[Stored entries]
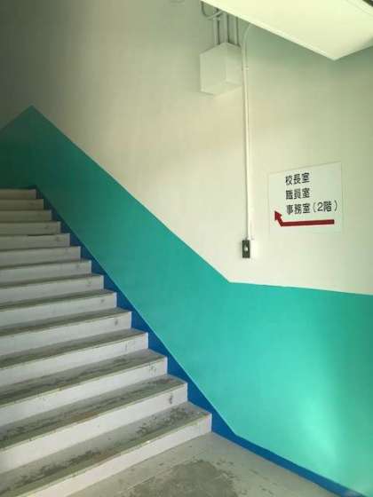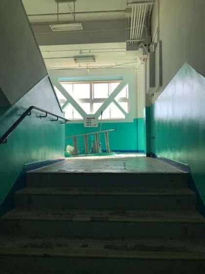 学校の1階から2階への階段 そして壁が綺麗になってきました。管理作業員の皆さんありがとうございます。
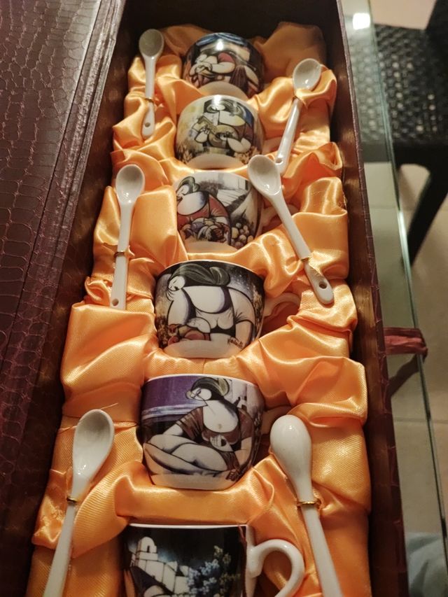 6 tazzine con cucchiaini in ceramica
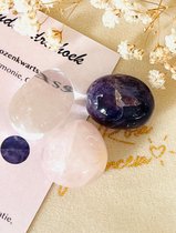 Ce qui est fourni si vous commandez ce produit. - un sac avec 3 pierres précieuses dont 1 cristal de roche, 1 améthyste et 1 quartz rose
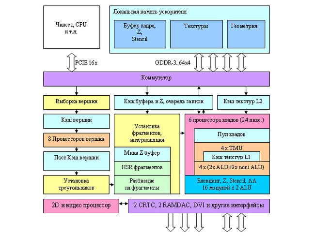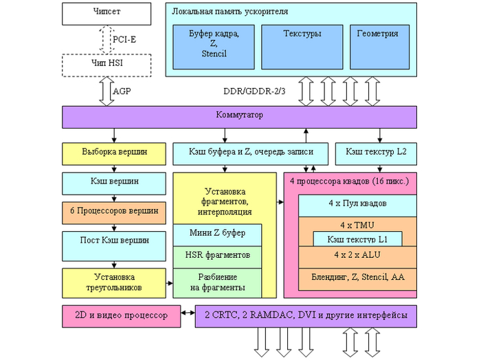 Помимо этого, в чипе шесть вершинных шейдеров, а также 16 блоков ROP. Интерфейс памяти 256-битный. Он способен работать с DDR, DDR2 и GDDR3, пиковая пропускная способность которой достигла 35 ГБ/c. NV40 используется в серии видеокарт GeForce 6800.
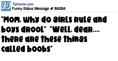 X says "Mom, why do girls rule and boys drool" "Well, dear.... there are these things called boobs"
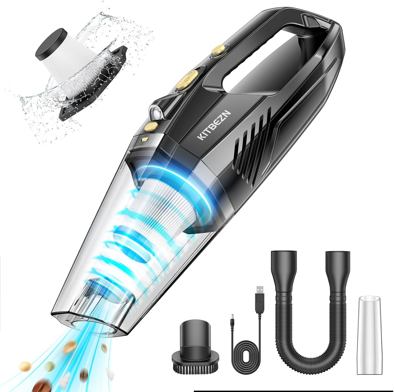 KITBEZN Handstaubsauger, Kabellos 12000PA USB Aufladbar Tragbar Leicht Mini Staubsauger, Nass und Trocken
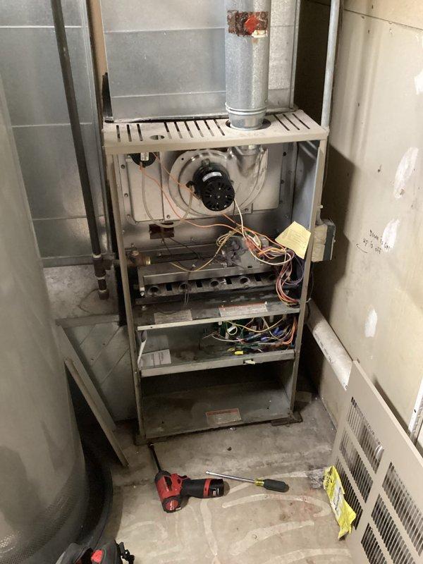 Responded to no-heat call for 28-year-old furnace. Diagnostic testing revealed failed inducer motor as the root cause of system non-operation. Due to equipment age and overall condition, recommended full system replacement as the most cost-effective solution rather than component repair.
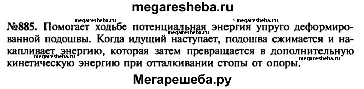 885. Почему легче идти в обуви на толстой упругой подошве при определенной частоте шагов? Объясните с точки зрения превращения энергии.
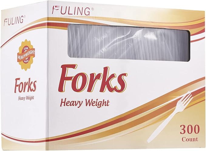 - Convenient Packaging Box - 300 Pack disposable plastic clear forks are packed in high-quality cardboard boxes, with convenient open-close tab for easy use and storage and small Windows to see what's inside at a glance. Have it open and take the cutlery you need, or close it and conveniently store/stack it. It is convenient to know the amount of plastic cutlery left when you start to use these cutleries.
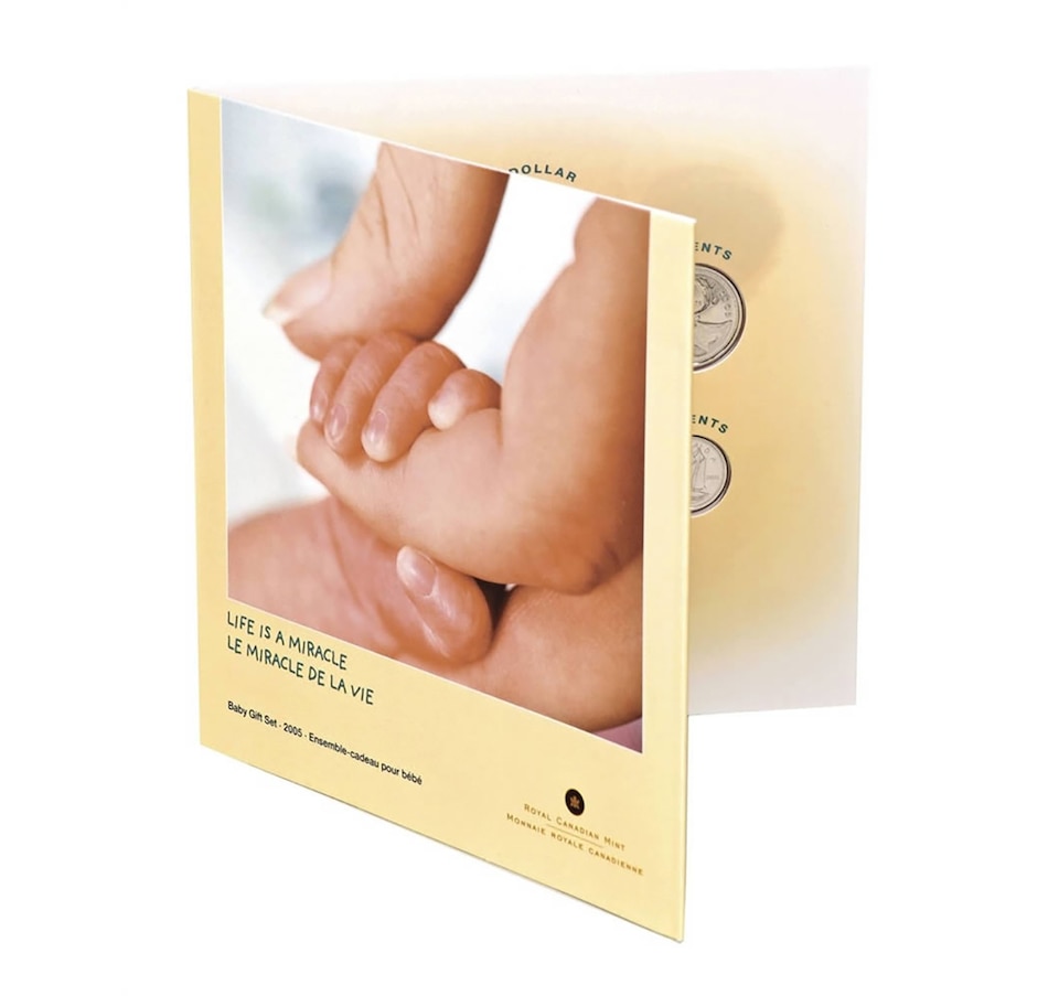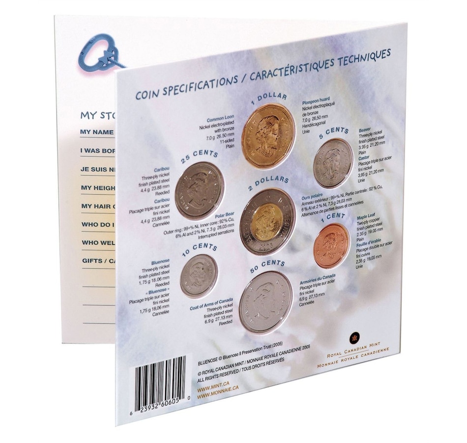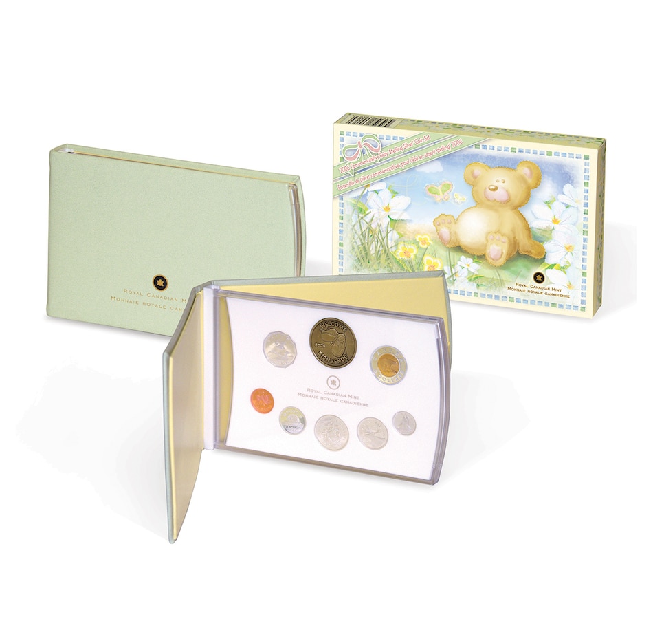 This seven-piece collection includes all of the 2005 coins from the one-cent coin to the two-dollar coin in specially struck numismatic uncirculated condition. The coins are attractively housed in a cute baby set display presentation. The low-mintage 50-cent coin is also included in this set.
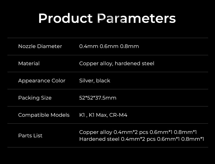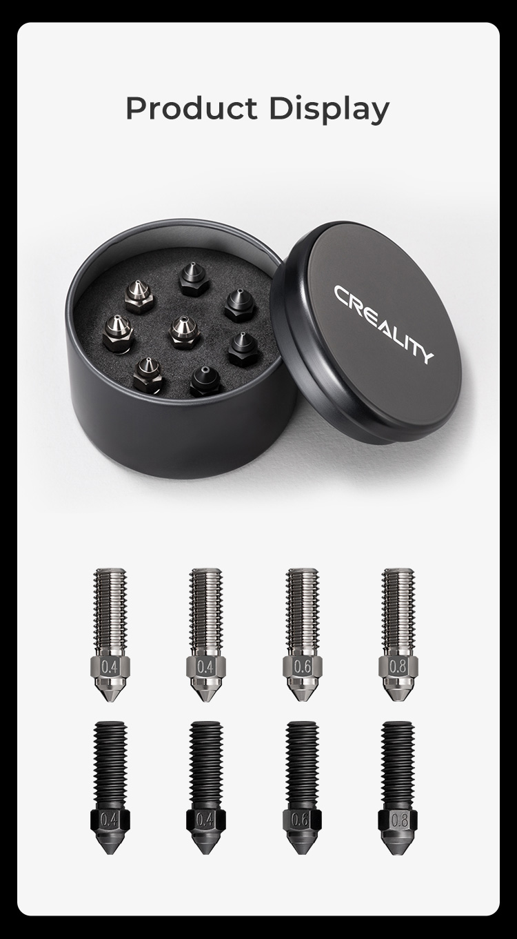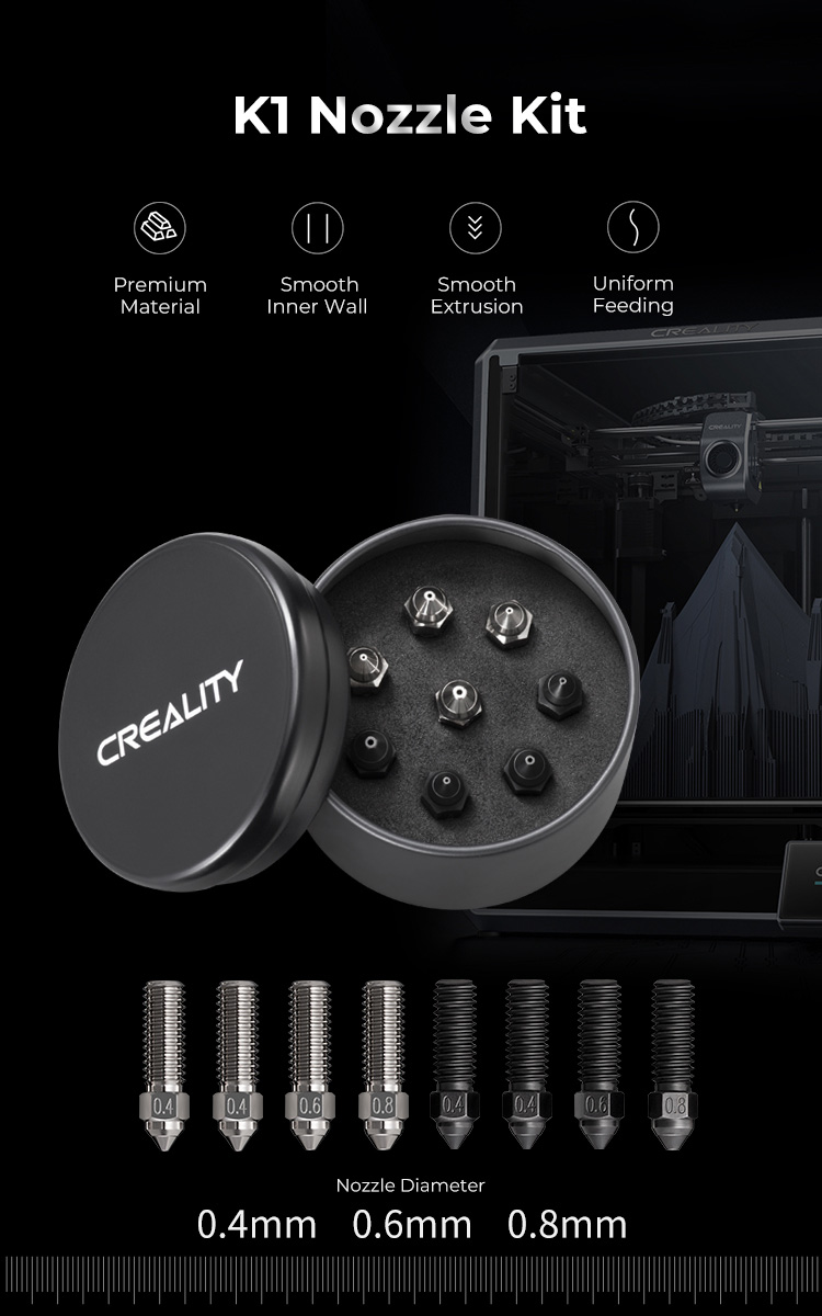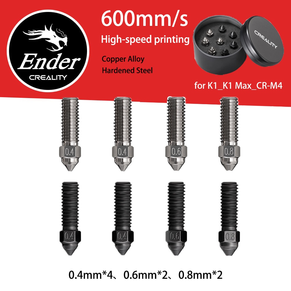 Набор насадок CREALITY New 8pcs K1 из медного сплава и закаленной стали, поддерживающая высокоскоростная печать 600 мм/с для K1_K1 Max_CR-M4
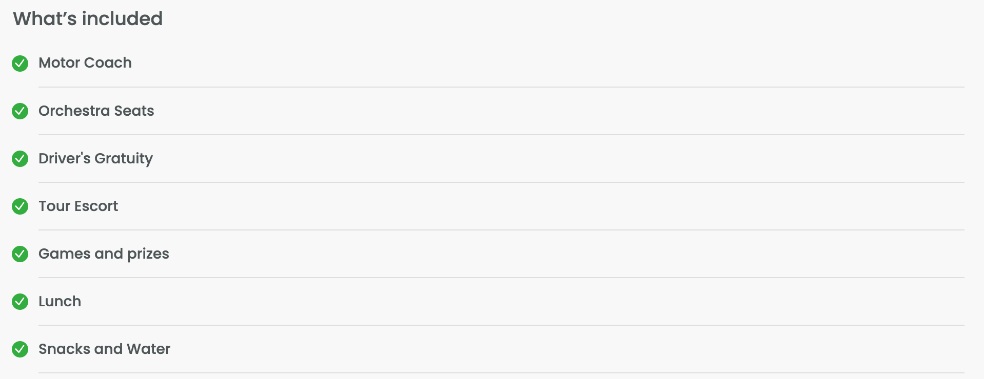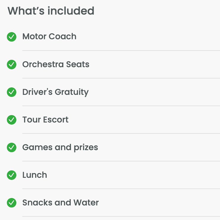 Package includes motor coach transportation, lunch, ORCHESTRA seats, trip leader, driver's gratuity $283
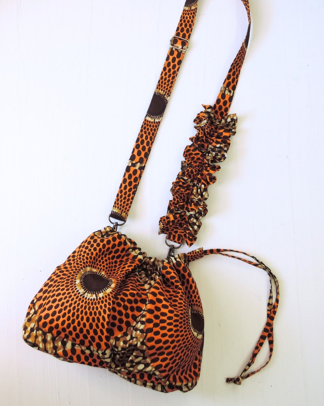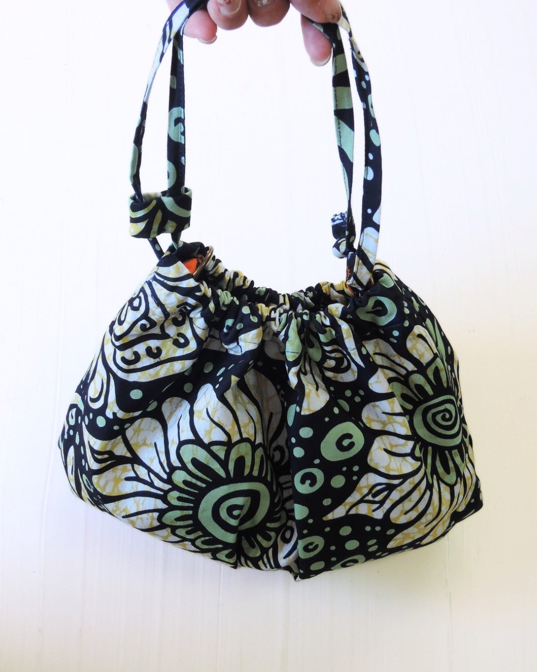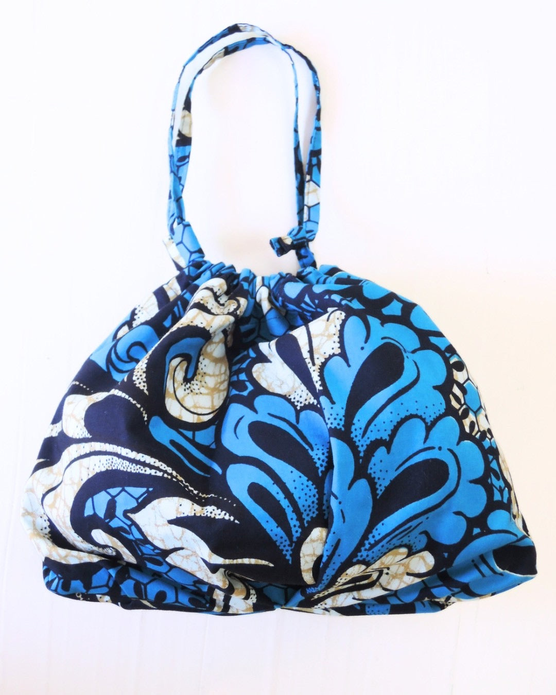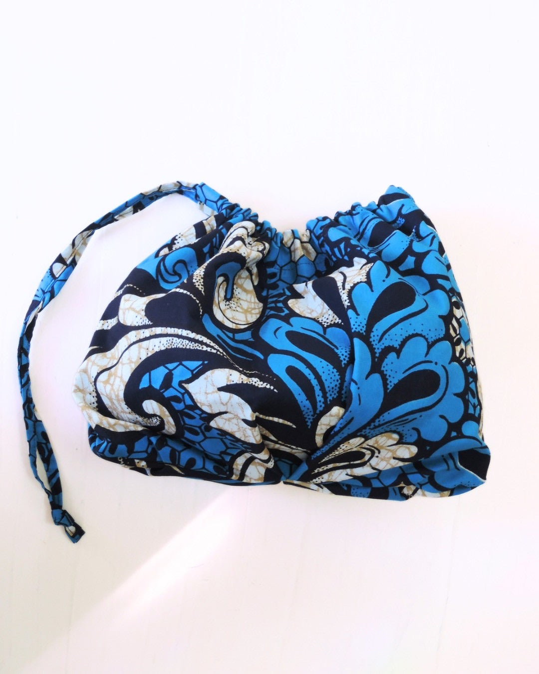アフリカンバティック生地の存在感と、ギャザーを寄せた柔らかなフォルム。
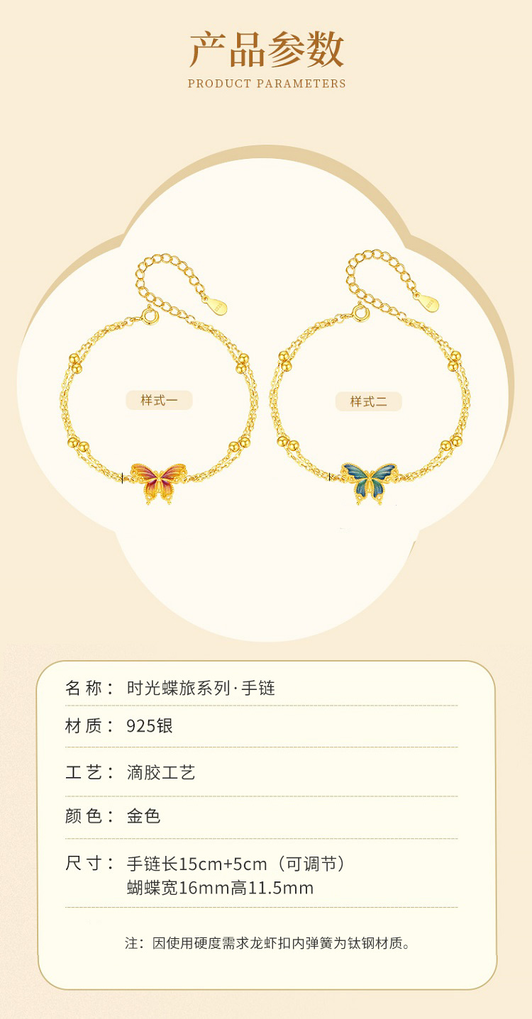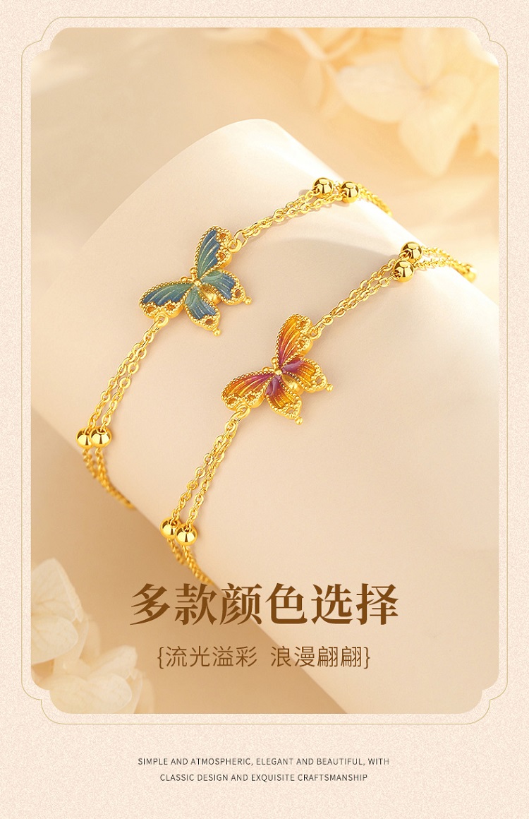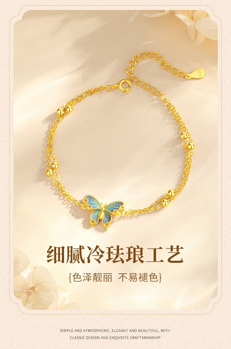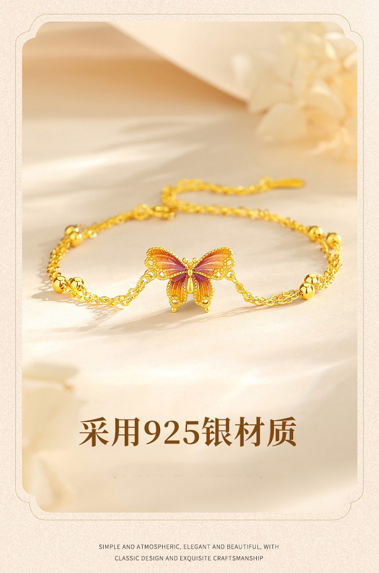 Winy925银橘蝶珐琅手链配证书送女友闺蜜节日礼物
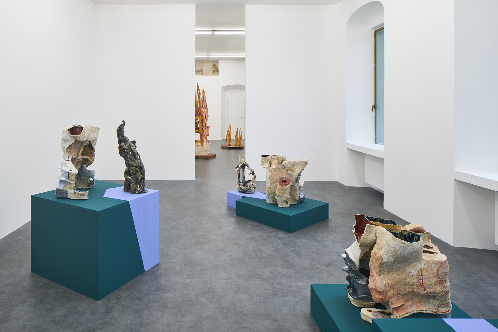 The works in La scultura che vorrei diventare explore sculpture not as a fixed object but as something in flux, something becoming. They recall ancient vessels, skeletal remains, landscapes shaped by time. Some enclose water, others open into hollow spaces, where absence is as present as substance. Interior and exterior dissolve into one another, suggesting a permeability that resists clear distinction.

_ASSIGNMENT_
Copy back exactly the lines above from the one containing "This seven-piece collection" through the one containing "Winy925银橘蝶珐琅手链配证书送女友闺蜜节日礼物", and leave every picture behind.

_THE ANSWER_
 This seven-piece collection includes all of the 2005 coins from the one-cent coin to the two-dollar coin in specially struck numismatic uncirculated condition. The coins are attractively housed in a cute baby set display presentation. The low-mintage 50-cent coin is also included in this set.
 Набор насадок CREALITY New 8pcs K1 из медного сплава и закаленной стали, поддерживающая высокоскоростная печать 600 мм/с для K1_K1 Max_CR-M4
 Package includes motor coach transportation, lunch, ORCHESTRA seats, trip leader, driver's gratuity $283
アフリカンバティック生地の存在感と、ギャザーを寄せた柔らかなフォルム。
 Winy925银橘蝶珐琅手链配证书送女友闺蜜节日礼物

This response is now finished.